The resulting simulation state: a dictionary that contains the simulation parameters ('params'), the particle history matrix ('hist'), and the summary statistics ('summary').

Simulation models

All simulation models should derive the following base class.

class pypfilt.model.Base

The base class for simulation models, which defines the minimal set of methods that are required.

static init(params, vec)

Initialise a matrix of state vectors.

Parameters:
  • params – Simulation parameters.
  • vec – An uninitialised \(P \times S\) matrix of state vectors, for \(P\) particles and state vectors of length \(S\) (as defined by state_size()). To set, e.g., the first element of each state vector to \(1\), you can use an ellipsis slice: vec[..., 0] = 1.
Raises:

NotImplementedError – Derived classes must implement this method.

static state_size()

Return the size of the state vector.

Raises:NotImplementedError – Derived classes must implement this method.
static priors(params)

Return a dictionary of model parameter priors. Each key must identify a parameter by name. Each value must be a function that returns samples from the associated prior distribution, and should have the following form:

lambda r, size=None: r.uniform(1.0, 2.0, size=size)

Here, the argument r is a PRNG instance and size specifies the output shape (by default, a single value).

Parameters:params – Simulation parameters.
Raises:NotImplementedError – Derived classes must implement this method.
classmethod update(params, step_date, dt, is_fs, prev, curr)

Perform a single time-step.

Parameters:
  • params – Simulation parameters.
  • step_date – The date and time of the current time-step.
  • dt – The time-step size (days).
  • is_fs – Indicates whether this is a forecasting simulation.
  • prev – The state before the time-step.
  • curr – The state after the time-step (destructively updated).
Raises:

NotImplementedError – Derived classes must implement this method.

classmethod state_info()

Describe each state variable as a (name, index) tuple, where name is a descriptive name for the variable and index is the index of that variable in the state vector.

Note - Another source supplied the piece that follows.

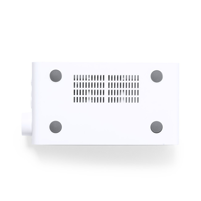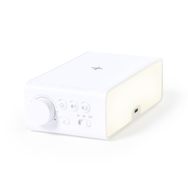 Orologio multifunzionale dall'elegante design, bianco, con caricatore wireless 10W integrato e lampada LED integrata. Con funzione data/ora, allarme e 36 lampada LED con intensità luminosa regolabile. Connessione USB, incluso cavo di tipo C da 100 cm e alimentazione ausiliaria con batterie a bottone (incluse). Compatibile con i dispositivi dotati di tecnologia di ricarica wireless. Confezionato in una scatola dal design accattivante. Conforme ai requisiti di sicurezza:Sistema di protezione dal surriscaldamento.Sistema di protezione da sovraccarico".

Raises:NotImplementedError – Derived classes must implement this method.
classmethod param_info()

Describe each model parameter as a (name, index) tuple, where name is a descriptive name for the parameter and index is the index of that parameter in the state vector.

Raises:NotImplementedError – Derived classes must implement this method.
classmethod param_bounds()

Return two arrays that contain the (default) lower and upper bounds, respectively, for each model parameter.

Raises:NotImplementedError – Derived classes must implement this method.
classmethod stat_info()

Describe each statistic that can be calculated by this model as a (name, stat_fn) tuple, where name is a string that identifies the statistic and stat_fn is a function that calculates the value of the statistic.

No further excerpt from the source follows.